Psi Bands - Nausea Relief Chief/Co-Founder
Pacific Grove, CA

    Partnering or going solo?

    March 17, 2009

    Have you considered a business partner? I thought I would flesh out some of the pros/cons to having a partner(s). Some of you may have been on the fence about this choice, or maybe never considered it. Maybe it’s for you, maybe it’s not. But worth pondering, I think.


    As some of you know, I have a business partner. What most of you probably don’t know is that I have two business partners. My female biz partner is Carla Falcone (who, by the way, just joined STS). You may connect with her here: My male biz partner is Pieter Schouten.


    When we started Psi Bands, there was so much to do. The idea behind Psi Bands was literally the “mother of invention”. Carla and I suffered from terrible morning sickness during our pregnancies and we found nausea relief from wrist acupressure – but we were dissatisfied with existing products on the market. We set out to create something both functional and fashionable for others who suffer from nausea. The idea for Psi Bands was born. But, where to start? We found the answer in each other – and in Pieter, a product designer/developer. We created a team where the sum of the parts was greater than the whole. We combined our strengths and core competencies to set out on our entrepreneurial journey.


    Pros to a partnership

    • You can leverage off each others’ strengths and talents.
    • You can benefit from differing opinions – arriving at decisions that are well thought out.
    • You can spread out your financial investment. Especially during the current economy, this could be a major consideration.
    • You have an instant support system. This is important for morale, especially when there are bumps, and there will be bumps.  We know we are in this together.


    Cons to a partnership

    • You are not the sole decision maker. Your business partnership is like a marriage where you must listen, be respectful and compromise. You will be faced with disagreements. But, at the end of the day, assuming you are in a good partnership, these disagreements are highly beneficial – leading to more effective decisions.
    • You have to coordinate schedules to make decisions. It ads a layer of complexity. You need to have systems in place to effectively execute.

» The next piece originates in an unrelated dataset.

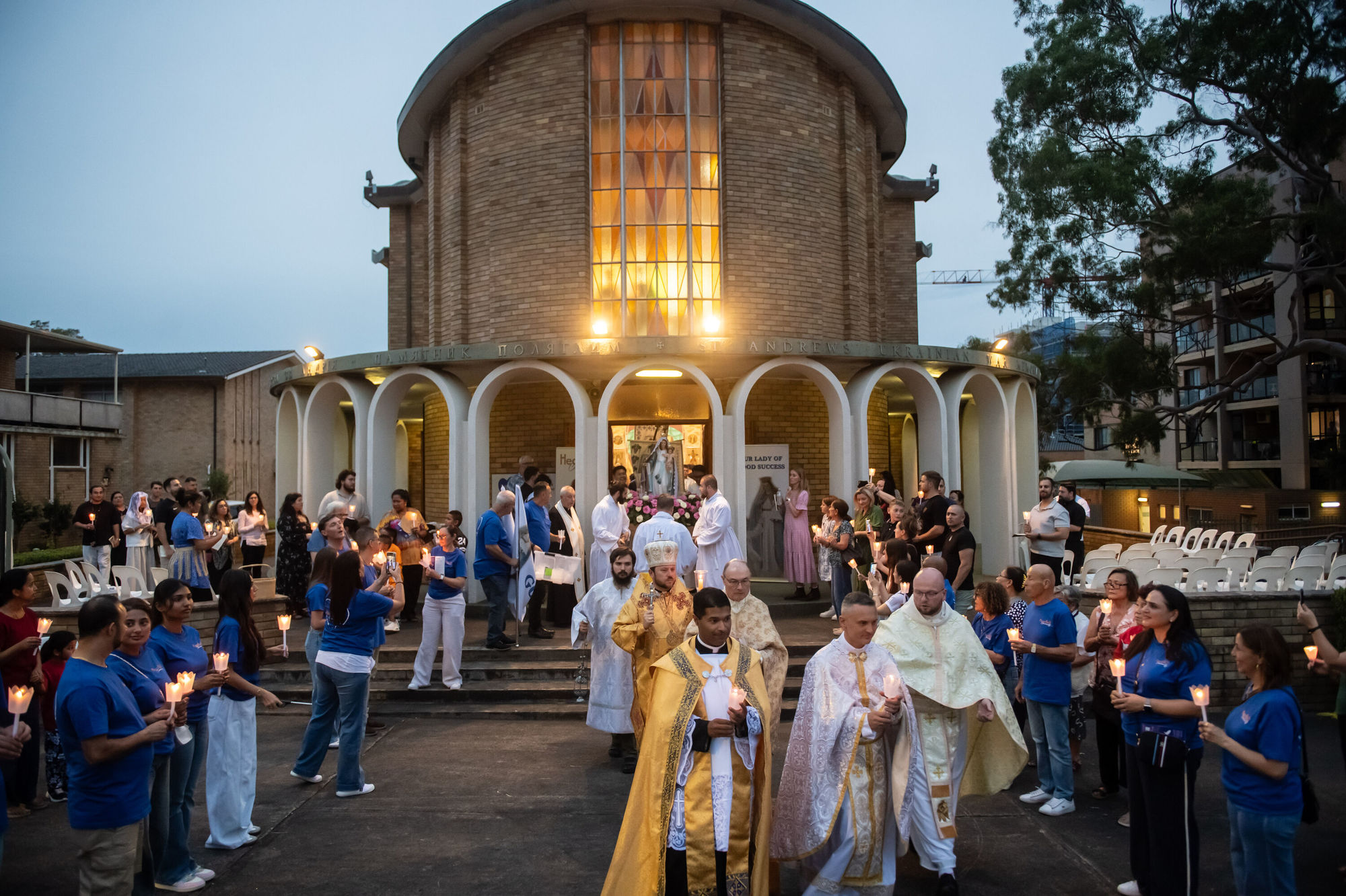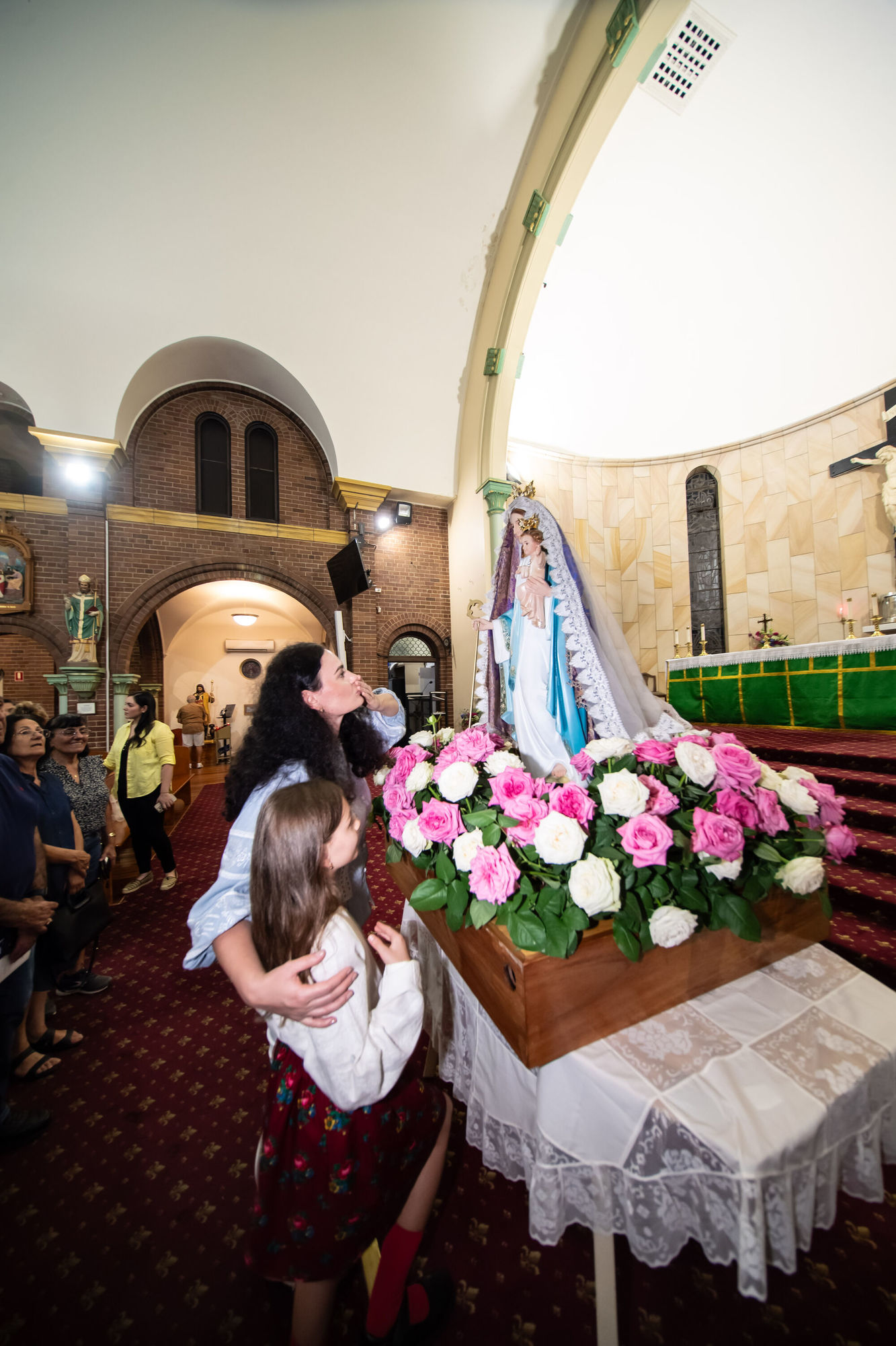 After the service, the faithful took part in a procession through the streets of the suburb of Lidcombe. The statue of Our Lady of Good Success was carried at the front, and the participants prayed the rosary together. The procession lasted about an hour and ended at St Joachim’s Church. Residents of the neighbourhood watched the procession from their homes, and many stopped to take photos or videos to commemorate the event.

In our case, we all work remotely, all from home-based offices so we don’t pass each other in the hall or lunch room. We have regularly scheduled weekly meetings on Skype and communicate as needed via phone and email. It’s not always easy, but it meets our individual needs/schedules. All 3 of us are parents with young children spanning in age from 2-9.



    • You should have a well defined and legally documented partnership agreement in place. What happens if someone dies, becomes disabled, goes through a divorce, wants “out” of the business, etc. These are all realities. No one goes into a partnership thinking that these things will happen to them, so it should all be clearly defined from the get go where all partners and spouses have signed the dotted line.


    Whether you partner or lead solo, savor your journey. Or, as we like to say here, “Savor the Success”.

    P.S. Psi Bands' goal is to land another retail account with 5000+ stores.